• **Requirement**
When writing out the entries below, keep only the lines from the line with "Este documento incluye" to the line with "2 x Makita BL1830", both included, exactly as they are, and leave the pictures aside.

(Beginning of Exercise materials)

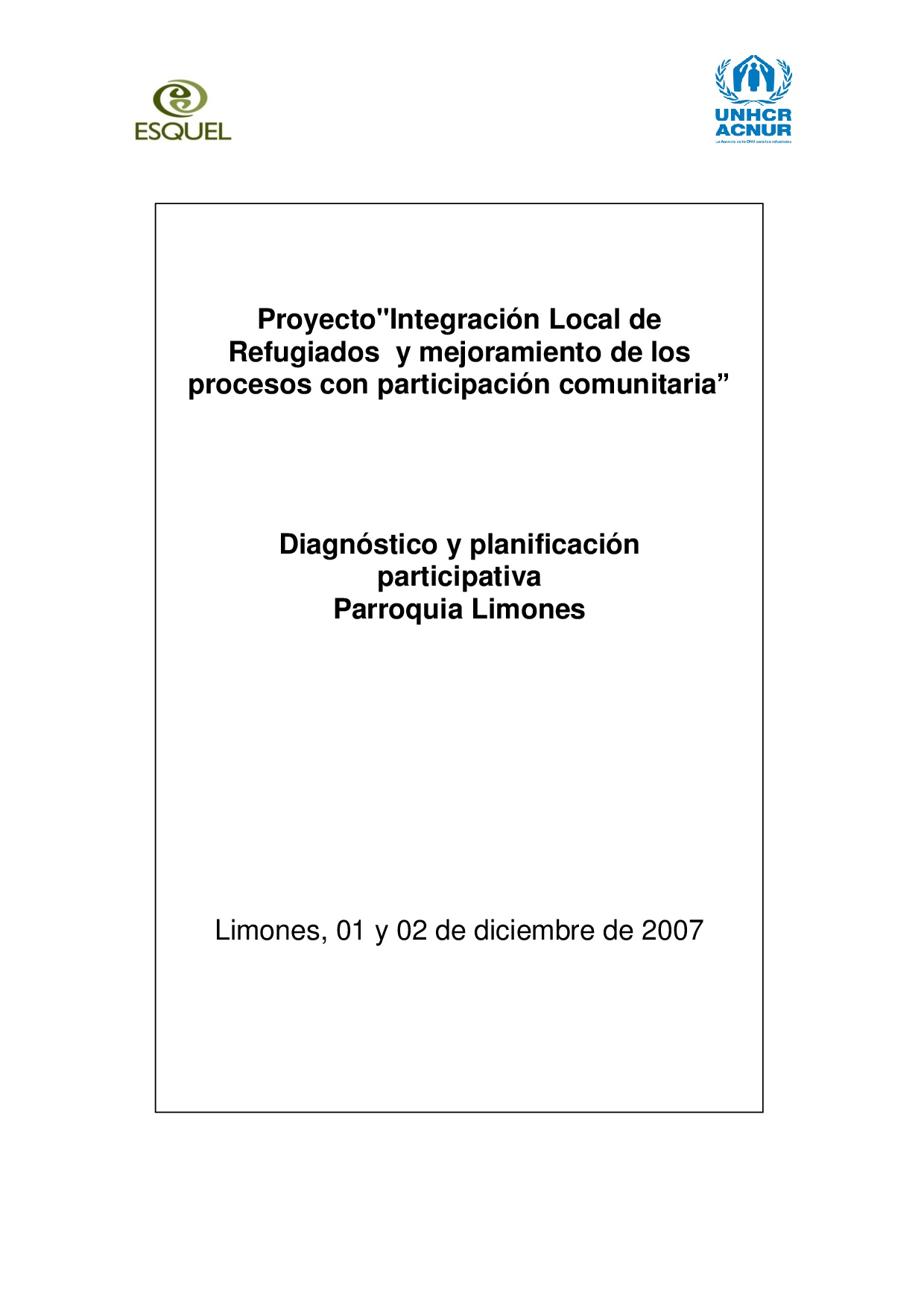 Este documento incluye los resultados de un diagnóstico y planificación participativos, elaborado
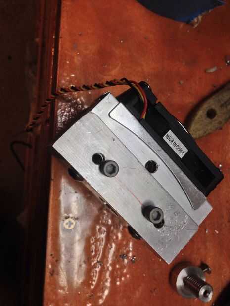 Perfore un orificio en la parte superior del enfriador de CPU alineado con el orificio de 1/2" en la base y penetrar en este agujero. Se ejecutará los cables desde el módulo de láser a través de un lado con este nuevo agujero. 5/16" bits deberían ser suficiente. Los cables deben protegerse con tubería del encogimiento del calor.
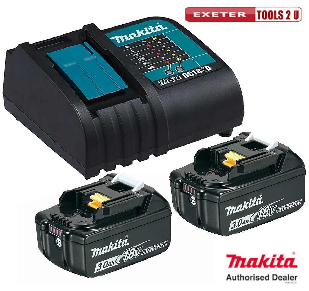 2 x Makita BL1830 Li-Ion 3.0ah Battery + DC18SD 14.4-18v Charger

(End of Exercise materials)
(Beginning of Exercise materials)

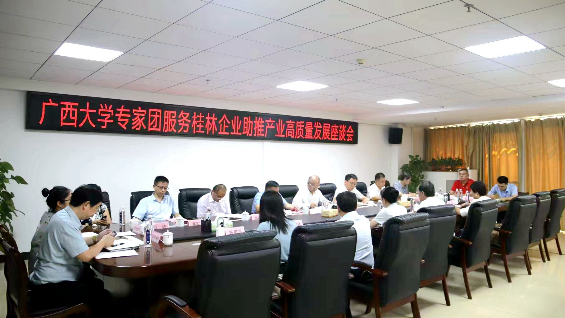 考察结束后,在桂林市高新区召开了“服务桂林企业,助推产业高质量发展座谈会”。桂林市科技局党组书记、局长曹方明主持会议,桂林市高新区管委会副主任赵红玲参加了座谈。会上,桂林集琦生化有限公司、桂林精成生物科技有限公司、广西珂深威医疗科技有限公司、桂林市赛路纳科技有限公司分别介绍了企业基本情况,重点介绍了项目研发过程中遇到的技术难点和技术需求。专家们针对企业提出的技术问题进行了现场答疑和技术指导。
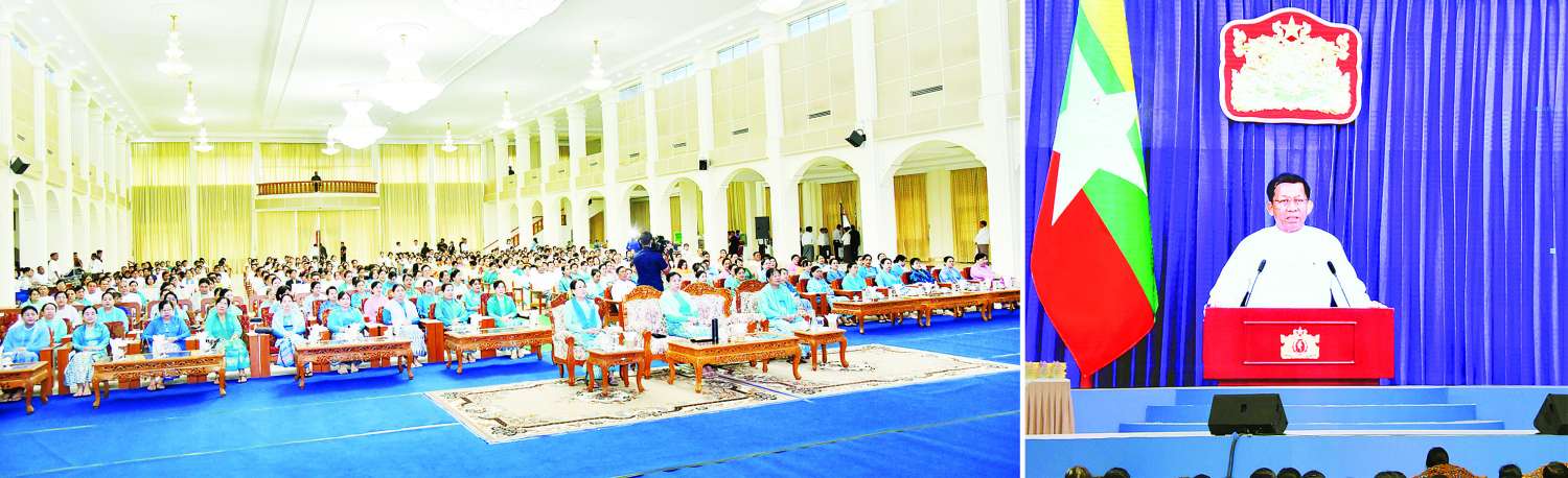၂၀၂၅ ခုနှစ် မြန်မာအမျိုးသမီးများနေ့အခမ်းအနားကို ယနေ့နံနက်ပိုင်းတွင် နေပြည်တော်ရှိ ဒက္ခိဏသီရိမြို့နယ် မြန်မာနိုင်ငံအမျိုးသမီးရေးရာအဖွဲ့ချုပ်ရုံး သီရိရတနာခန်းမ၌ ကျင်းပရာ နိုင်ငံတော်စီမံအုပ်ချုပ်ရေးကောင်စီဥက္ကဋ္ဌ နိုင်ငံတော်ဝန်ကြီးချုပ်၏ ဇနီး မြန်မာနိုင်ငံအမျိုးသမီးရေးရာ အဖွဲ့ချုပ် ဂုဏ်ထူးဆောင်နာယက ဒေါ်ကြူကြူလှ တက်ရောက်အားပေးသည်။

(End of Exercise materials)
(Beginning of Exercise materials)

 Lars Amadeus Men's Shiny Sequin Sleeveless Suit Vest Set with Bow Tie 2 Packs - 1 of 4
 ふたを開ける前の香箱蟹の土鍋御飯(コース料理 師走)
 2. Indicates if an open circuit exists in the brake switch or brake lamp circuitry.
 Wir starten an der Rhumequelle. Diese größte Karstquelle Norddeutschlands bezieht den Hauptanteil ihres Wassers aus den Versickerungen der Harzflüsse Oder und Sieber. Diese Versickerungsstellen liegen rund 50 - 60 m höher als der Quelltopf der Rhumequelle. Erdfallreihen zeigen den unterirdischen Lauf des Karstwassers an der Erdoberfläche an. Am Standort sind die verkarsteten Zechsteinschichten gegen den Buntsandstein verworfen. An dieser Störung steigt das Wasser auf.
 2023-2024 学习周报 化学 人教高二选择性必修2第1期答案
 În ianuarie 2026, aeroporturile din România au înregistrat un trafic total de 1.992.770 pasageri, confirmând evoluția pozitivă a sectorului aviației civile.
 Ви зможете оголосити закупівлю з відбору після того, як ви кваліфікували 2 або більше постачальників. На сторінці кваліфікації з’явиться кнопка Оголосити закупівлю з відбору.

(End of Exercise materials)

• **Result of the exercise**
 Este documento incluye los resultados de un diagnóstico y planificación participativos, elaborado
 Perfore un orificio en la parte superior del enfriador de CPU alineado con el orificio de 1/2" en la base y penetrar en este agujero. Se ejecutará los cables desde el módulo de láser a través de un lado con este nuevo agujero. 5/16" bits deberían ser suficiente. Los cables deben protegerse con tubería del encogimiento del calor.
 2 x Makita BL1830 Li-Ion 3.0ah Battery + DC18SD 14.4-18v Charger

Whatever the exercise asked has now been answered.